Friday, May 11, 2012

The Kids You Love the Most

I recently told a story about a certain type of kid named Joey. This is a story about a type of kid named Mike. Mike is the kid who is always talking when he's not supposed to be talking. He almost never does what he is told to do. When reprimanded, he becomes combative and belligerent. And, OK, if Mike were my peer, I would think he was kind of a jerk.

But Mike is not my peer. He's just a kid. When you ask Mike why he did what he did (if he can be civil at all), he'll sometimes say, "I guess I'm just a bad kid." Just like Joey, Mike has heard himself called this over and over for years. But Mike is not a bad kid. He's just a kid who messed up. Or one who messes up a lot. That's why I prefer the terminology of the consultant Kristyn Klei, who calls kids like Mike the kids you love the most.

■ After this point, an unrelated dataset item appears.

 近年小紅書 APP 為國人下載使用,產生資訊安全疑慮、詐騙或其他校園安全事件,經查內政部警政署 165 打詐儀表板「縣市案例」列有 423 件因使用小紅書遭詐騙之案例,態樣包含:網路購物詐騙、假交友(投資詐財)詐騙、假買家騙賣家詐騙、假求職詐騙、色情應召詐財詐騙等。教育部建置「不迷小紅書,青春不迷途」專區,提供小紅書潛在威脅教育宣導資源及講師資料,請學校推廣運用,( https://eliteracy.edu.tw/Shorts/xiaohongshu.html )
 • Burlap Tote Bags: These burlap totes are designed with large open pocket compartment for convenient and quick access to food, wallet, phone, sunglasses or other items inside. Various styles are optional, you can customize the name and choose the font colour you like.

I have not always thought this. When I was first teaching, I had a class full of Mikes (really, they were a combination of Mikes and Johnnys--the kid who will blindly follow whatever Mike does). They drove me nuts. I hated them. And I thought it was all their fault. When people of my generation were in high school (and for sure before), teens were thought of as pre-adults: people who, though inferior to teachers, had the emotional and cognitive capabilities of adults. These teens, so the thinking went, could be told that they had to be more responsible and less lazy. They would do what they were supposed to do if threatened with the proper punishments. And, the good news is, the majority of teens will do what they're supposed to do, most of the time. But if you think that they do this out of fear of being punished, you're wrong.

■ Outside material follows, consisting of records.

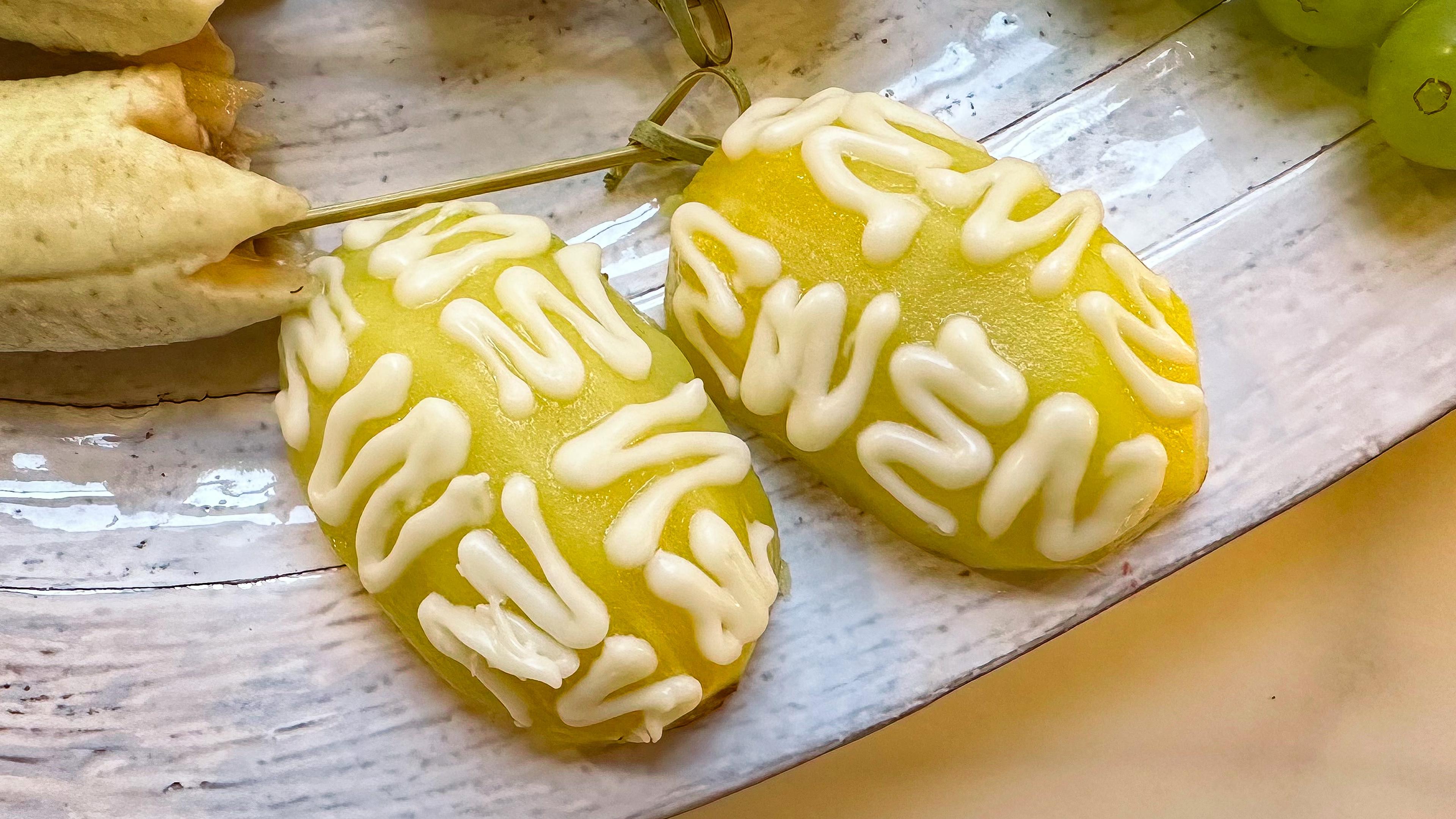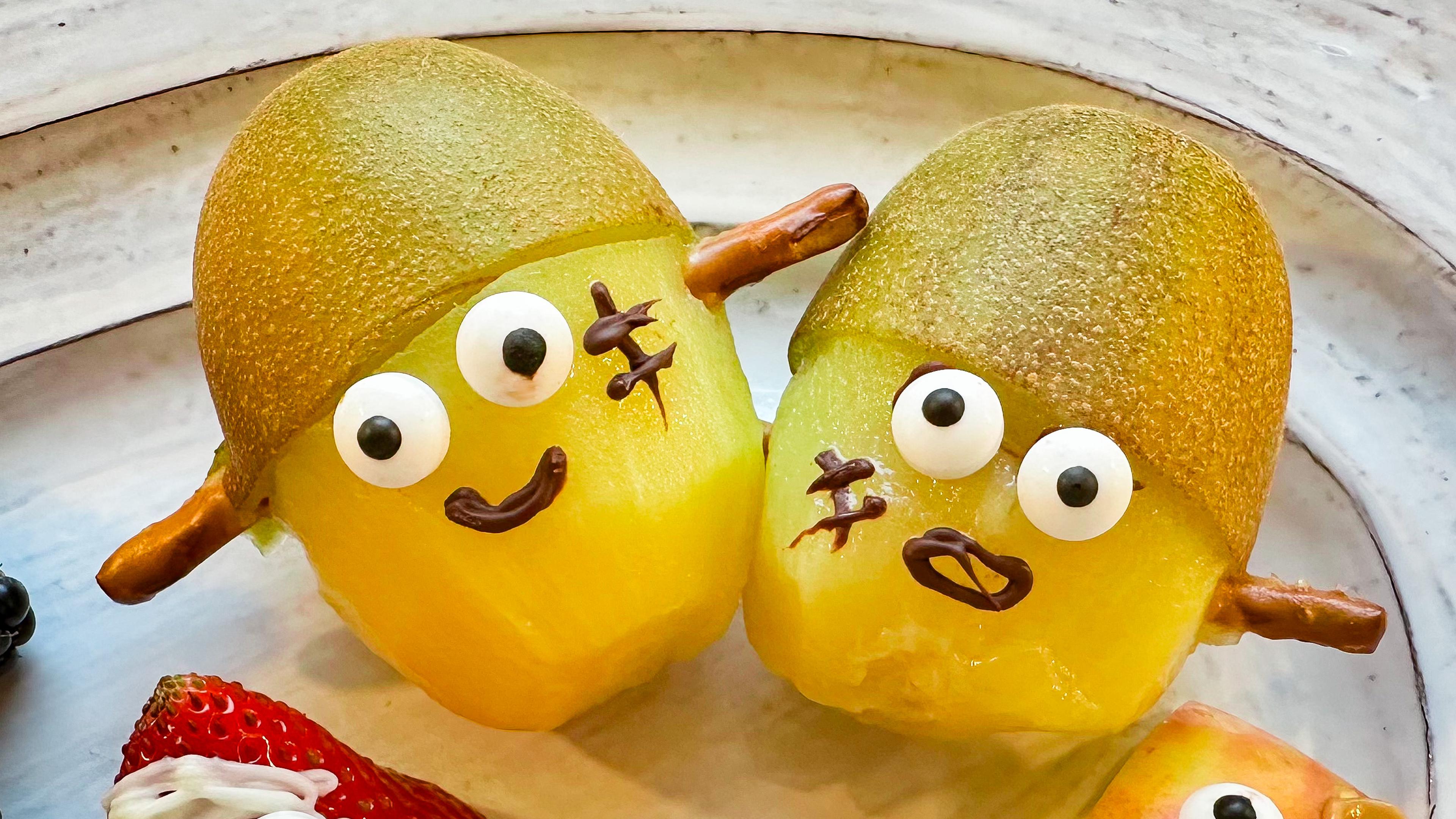 Peel and halve kiwis. Melt white chocolate and using a zip bag with a small corner snipped, pipe a brain pattern on top.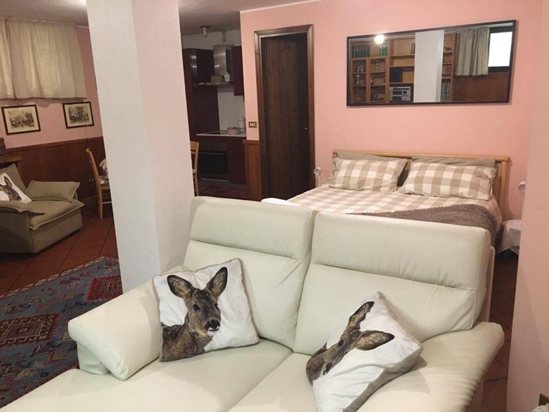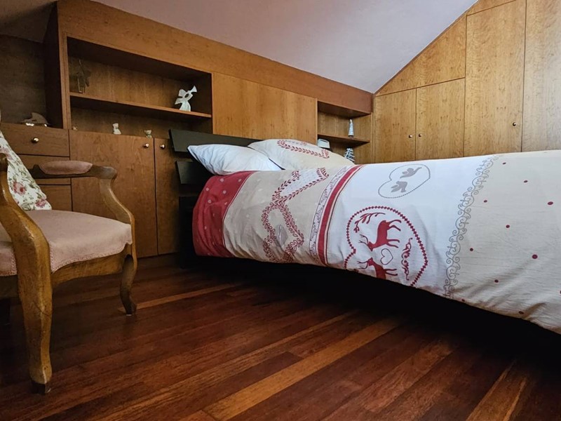 Piano Primo, mq 100, soggiorno, ampia camera da letto matrimoniale con bagno privato, camera con divisorio di arredo che permette la fruizione di due camere separate con i rispettivi ingressi, disimpegno, bagno, ripostiglio e terrazzino panoramico rivolto a sud;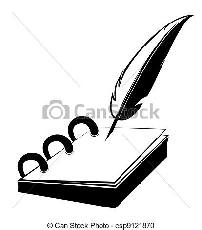 Quill and paper clipart: Vector - Notepad with quill

We now know (and knew when I was in high school, but forget that) that teens are not fully developed human beings. They may stop growing on the outside and start to look more and more like adults (especially kids like Mike, who are often male and of color), but they are still children. The cognitive research is now telling us that the human brain is not fully developed until the age of 25. And the part of the brain that is still developing is the prefrontal cortex, the part that helps you organize and make decisions, decisions like, "Would it be a good idea for me to blurt something out right now?" or "If I throw this thing across the room, am I likely to get in trouble?" or "Is getting into a fist fight ever a good idea?" or "Homework or video games?" The list goes on and on. A colleague and friend of mine has even developed this sort of knee-jerk response when we tell stories at lunch about the dumb things our kids have done. After every story, she says "underdeveloped frontal loooobe" in a funny voice.

When I was 22 and a brand new teacher, I found the Mikes and Johnnys of this world supremely frustrating, and I decided that they were my enemies. They were out to make sure that I could not conduct my class. And so I began to expect the worst from them--nothing but bad behavior, and certainly no academic work. And, don't get me wrong, I still lose my temper with the Mikes when they're driving me nuts. But you have to see a teen as a kid. When a kid does something dumb, HE REALLY WASN'T THINKING OF WHAT WAS GOING TO HAPPEN. In fact, he is somewhat incapable* of thinking ahead like that. So telling him that he has to be responsible and threatening him with punishment is just not going to work in a lot of cases. Calling him a bad kid will just make that label stick in his mind, so that he learns to assume that he is the kind of kid who teachers hate. And that's why these are the kids we have to love the most.



*Of course, the majority of children are able to stay out of trouble, and there are those especially mature children who are constantly thinking about their futures. But most teens just don't understand that getting bad grades now, or getting suspended, or even arrested, will mean bad things in the future.